» **PROBLEM STATEMENT**: Using the entries below, copy exactly each line from the line with "ข่าวปลอม อย่าแชร์! ผลิตภัณฑ์เสริมอาหาร" up to and including the line with "飛行場から南北に走るスミニャ", with every picture left out.

» **DATA FOR THIS EXERCISE**:

---

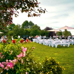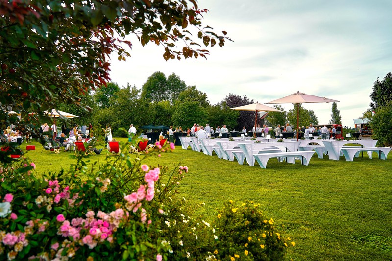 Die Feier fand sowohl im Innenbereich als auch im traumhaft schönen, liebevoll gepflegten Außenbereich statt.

---

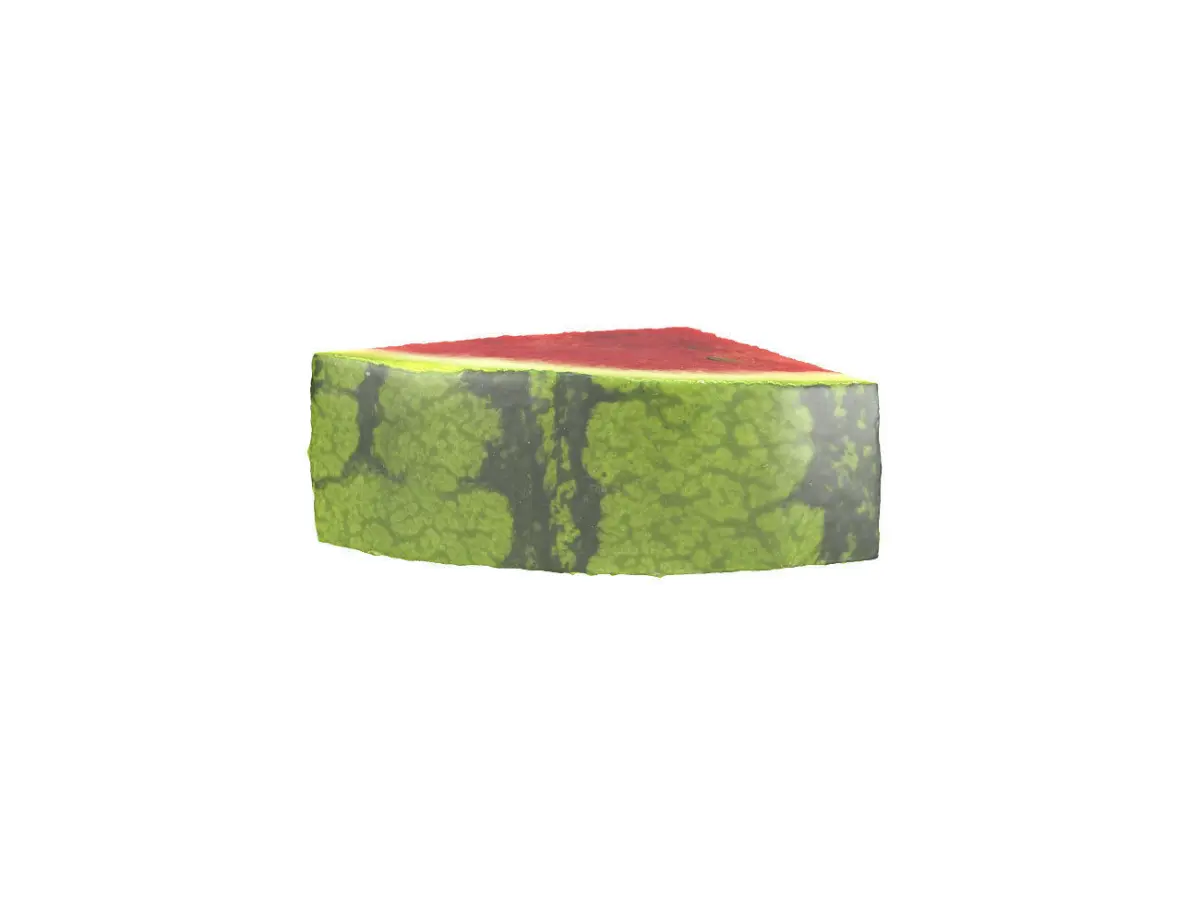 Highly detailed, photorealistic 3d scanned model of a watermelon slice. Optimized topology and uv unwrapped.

---

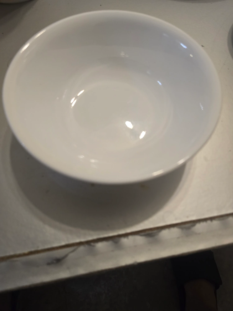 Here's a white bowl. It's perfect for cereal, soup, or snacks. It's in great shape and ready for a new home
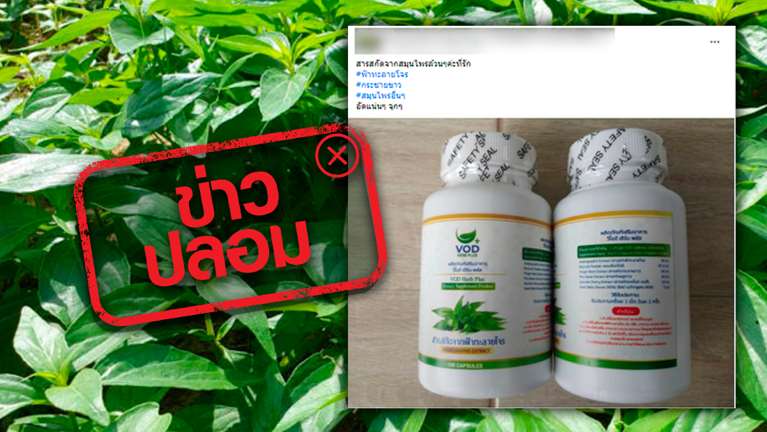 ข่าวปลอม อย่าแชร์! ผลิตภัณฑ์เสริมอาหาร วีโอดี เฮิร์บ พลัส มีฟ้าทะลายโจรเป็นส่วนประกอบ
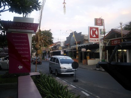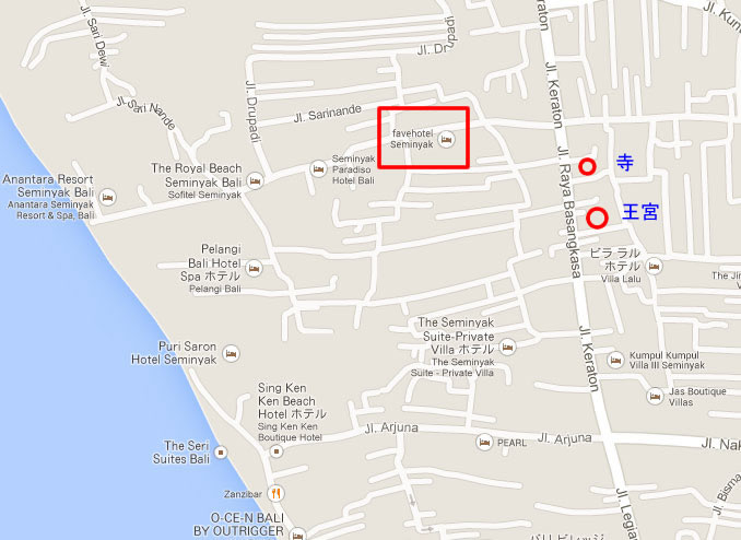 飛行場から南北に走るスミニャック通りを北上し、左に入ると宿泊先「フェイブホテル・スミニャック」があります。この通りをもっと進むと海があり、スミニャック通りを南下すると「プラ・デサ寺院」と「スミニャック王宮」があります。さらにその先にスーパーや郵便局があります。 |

---

» **RESPONSE FOR THIS EXERCISE**:
 ข่าวปลอม อย่าแชร์! ผลิตภัณฑ์เสริมอาหาร วีโอดี เฮิร์บ พลัส มีฟ้าทะลายโจรเป็นส่วนประกอบ
 飛行場から南北に走るスミニャック通りを北上し、左に入ると宿泊先「フェイブホテル・スミニャック」があります。この通りをもっと進むと海があり、スミニャック通りを南下すると「プラ・デサ寺院」と「スミニャック王宮」があります。さらにその先にスーパーや郵便局があります。 |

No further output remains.